Vac8p is a multifunctional yeast protein involved in several distinct vacuolar events including vacuole inheritance, vacuole homotypic fusion, nucleus-vacuole junction formation and the cytoplasm to vacuole protein targeting pathway. Vac8p associates with the vacuole membrane via myristoylation and palmitoylation. Vac8p has three putative palmitoylation sites, at Cys 4, 5 and 7. Here, we show that each of these cysteines may serve as a palmitoylation site. Palmitoylation at Cys 7 alone provides partial function of Vac8p, whereas palmitoylation at either Cys 4 or Cys 5 alone is sufficient for Vac8p function. In the former mutant, there is a severe defect in the localization of Vac8p to the vacuole membrane, while in the latter mutants, there is a partial defect in the localization of Vac8p. In addition, our studies provide evidence that palmitoylation targets Vac8p to specific membrane subdomains.

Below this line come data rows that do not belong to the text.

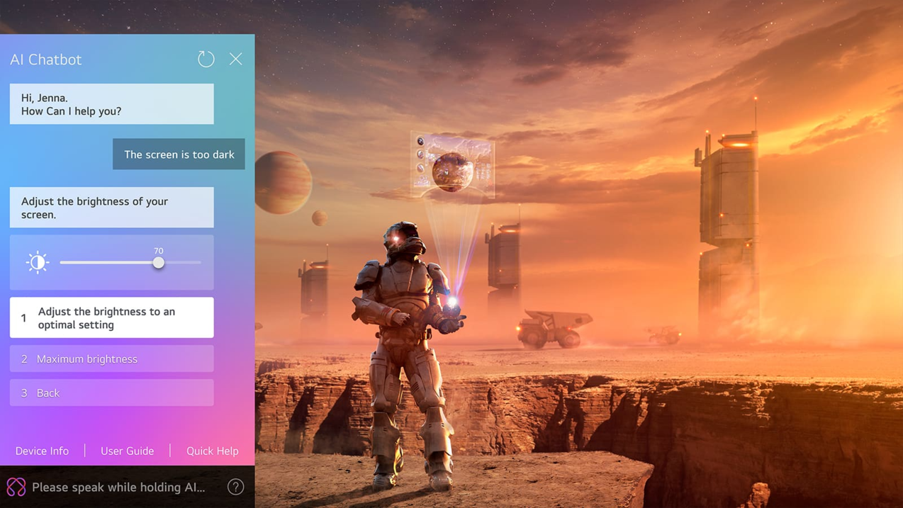 AI Chatbot Ai propriul AI Chatbot care rezolvă activ probleme și care te ajută cu solicitările. Pur și simpu vorbește televizorului, deoarece îți poate clasifica intențiile și poate răspunde în consecință. |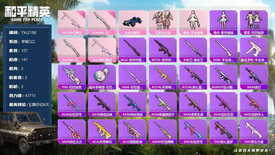 508-[]〖保證金商家·終身售後·找回賠〗-c2188-〖可二次〗-〖因賽季更新遊戲段付以上號為準!〗 蘋果-熱力值 6王牌印記 歷史超級王牌7星 107套裝 141槍皮 〖2載具〗 星河領航(磐石銀) 合金龍骨藍色 〖1稀有〗 AKM-繽紛海域 〖2粉裝〗 千金淑貓 幻彩馬卡龍 〖2特效槍〗 Kar98K-巳巳如意 (5級) MG3-夢幻舞會 (7級) 〖10熱門〗 AG戰隊服 團圓交子 瑞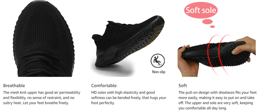 - Lightweight and breathable upper: The mesh knit upper has good air permeability and flexibility, no sense of restraint, and no sultry heat. Let your feet breathe freely.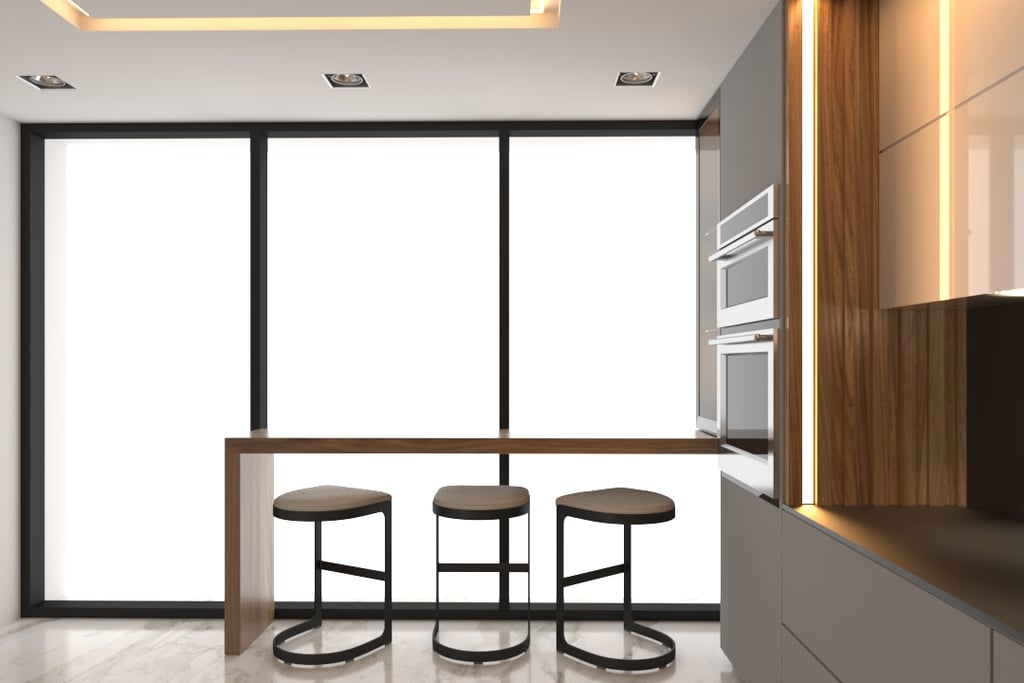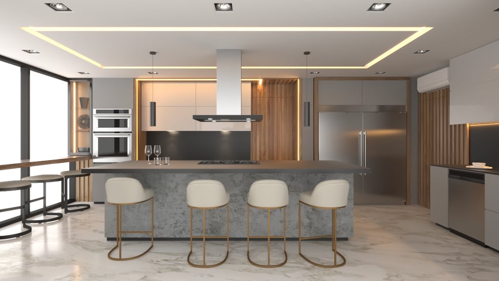 Cocina moderna con isla central, almacenamiento inteligente y un encantador desayunador con vista al mar.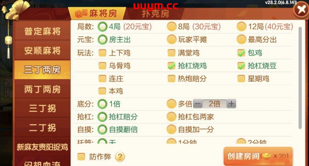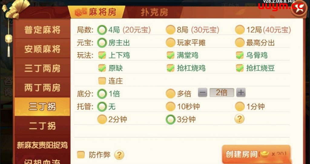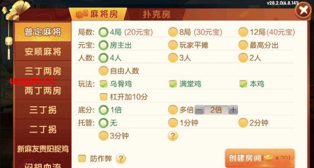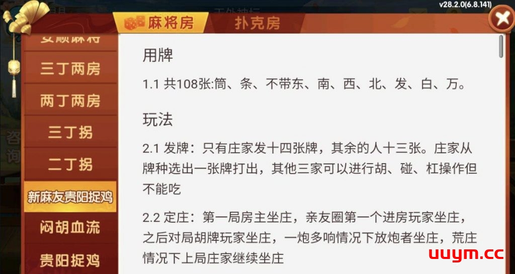 麻将:普定麻将,安顺麻将,三丁两房,两丁两房,三丁拐,两丁拐,新麻友贵阳捉鸡,闷胡血流,贵阳捉鸡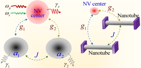 本文基于自旋-机械混合量子系统与机械模耦合,提出在典型的自旋-机械混合量子系统(如NV自旋-碳纳米管振子)的基础上引入另一个碳纳米管机械振子,如下图所示。
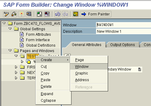 导航窗口由节点和子节点组成。它们包含所有属于 SAP 表单的元素(文本、窗口等)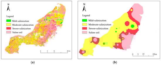 The soil salinity spatial distribution map (a) and the soil salinity interpolation map (b) are shown in Figure 6. The spatial distribution characteristics of soil salinity in Figure 6a are similar to those in Figure 6b, which proves that the spatial accuracy of the inversion is relatively high.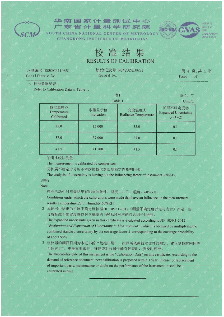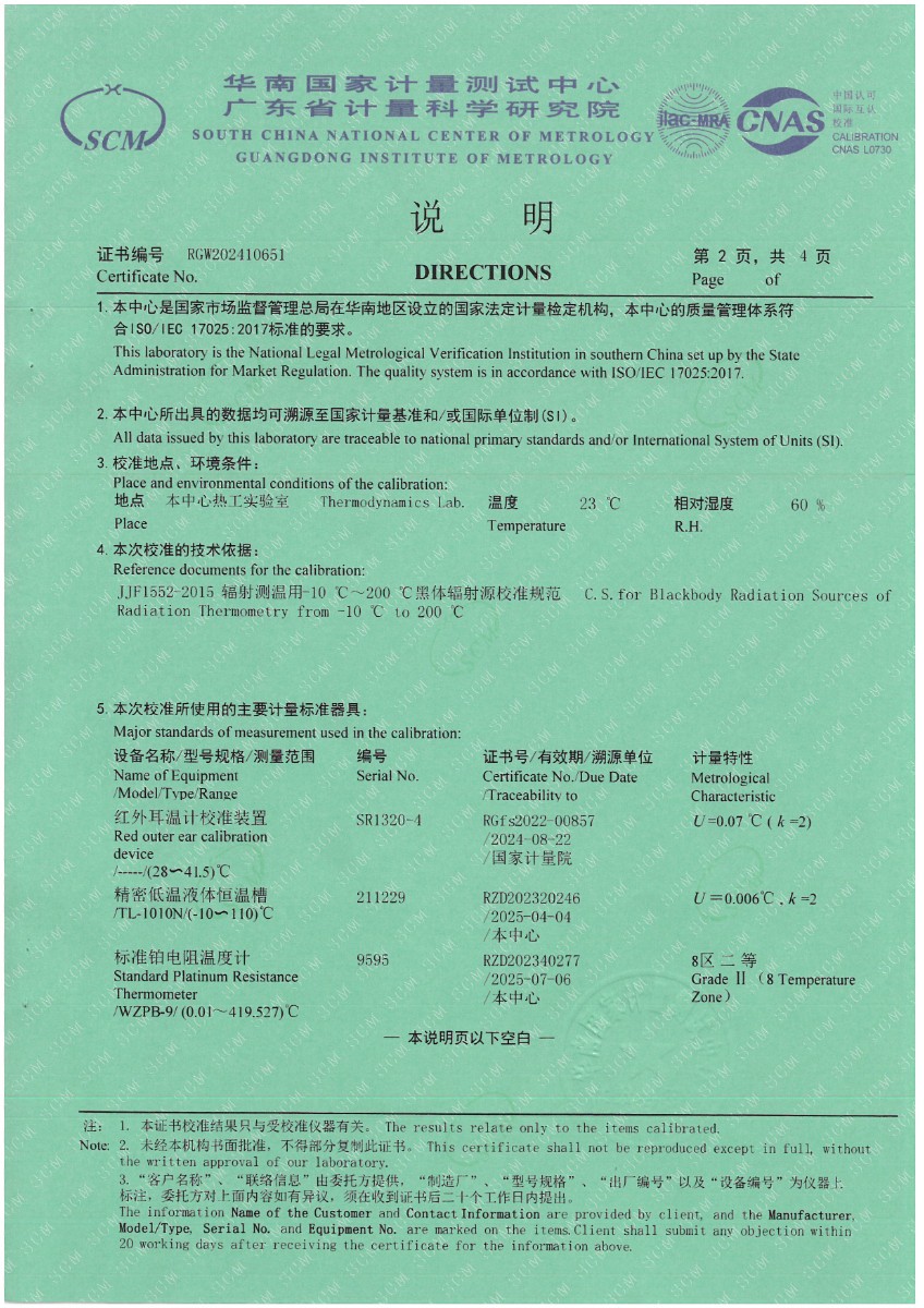 耳溫空腔(黑體輻射源)校準證書 2024-5-27 本文被閱讀 6614 次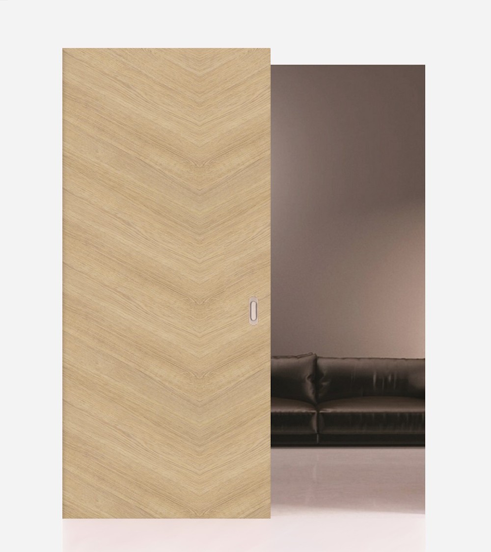 Door leaf with sliding system and rail, handles.

Vac8p, an armadillo repeat protein, coordinates vacuole inheritance with multiple vacuolar processes.

Vac8p, an armadillo (ARM) repeat protein, is required for multiple vacuolar processes. It functions in vacuole inheritance, cytoplasm-to-vacuole protein targeting pathway, formation of the nucleus-vacuole junction and vacuole-vacuole fusion. These functions each utilize a distinct Vac8p-binding partner. Here, we report an additional Vac8p function: caffeine resistance. We show that Vac8p function in caffeine resistance is mediated via a newly identified Vac8p-binding partner, Tco89p. The interaction between Vac8p and each binding partner requires an overlapping subset of Vac8p ARM repeats. Moreover, these partners can compete with each other for access to Vac8p. Furthermore, Vac8p is enriched in three separate subdomains on the vacuole, each with a unique binding partner dedicated to a different vacuolar function. These findings suggest that a major role of Vac8p is to spatially separate multiple functions thereby enabling vacuole inheritance to occur concurrently with other vacuolar processes.

Regulated degradation of a class V myosin receptor directs movement of the yeast vacuole.

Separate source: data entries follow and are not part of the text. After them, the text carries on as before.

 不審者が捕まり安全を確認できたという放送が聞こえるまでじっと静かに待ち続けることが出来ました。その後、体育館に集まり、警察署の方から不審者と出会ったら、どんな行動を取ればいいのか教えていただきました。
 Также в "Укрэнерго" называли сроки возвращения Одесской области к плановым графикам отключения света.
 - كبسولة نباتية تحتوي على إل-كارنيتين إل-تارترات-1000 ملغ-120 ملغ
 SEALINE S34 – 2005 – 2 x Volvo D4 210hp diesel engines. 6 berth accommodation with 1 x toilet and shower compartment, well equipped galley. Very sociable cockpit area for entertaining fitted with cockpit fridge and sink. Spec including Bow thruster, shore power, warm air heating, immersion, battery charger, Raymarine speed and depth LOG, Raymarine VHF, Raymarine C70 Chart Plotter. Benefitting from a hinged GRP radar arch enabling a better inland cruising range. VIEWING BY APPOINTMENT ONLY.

Normal cellular function requires that organelles be positioned in specific locations. The direction in which molecular motors move organelles is based in part on the polarity of microtubules and actin filaments. However, this alone does not determine the intracellular destination of organelles. For example, the yeast class V myosin, Myo2p, moves several organelles to distinct locations during the cell cycle. Thus the movement of each type of Myo2p cargo must be regulated uniquely. Here we report a regulatory mechanism that specifically provides directionality to vacuole movement. The vacuole-specific Myo2p receptor, Vac17p, has a key function in this process. Vac17p binds simultaneously to Myo2p and to Vac8p, a vacuolar membrane protein. The transport complex, Myo2p-Vac17p-Vac8p, moves the vacuole to the bud, and is then disrupted through the degradation of Vac17p. The vacuole is ultimately deposited near the centre of the bud. Removal of a PEST sequence (a potential signal for rapid protein degradation) within Vac17p causes its stabilization and the subsequent 'backward' movement of vacuoles, which mis-targets them to the neck between the mother cell and the bud. Thus the regulated disruption of this transport complex places the vacuole in its proper location. This may be a general mechanism whereby organelles are deposited at their terminal destination.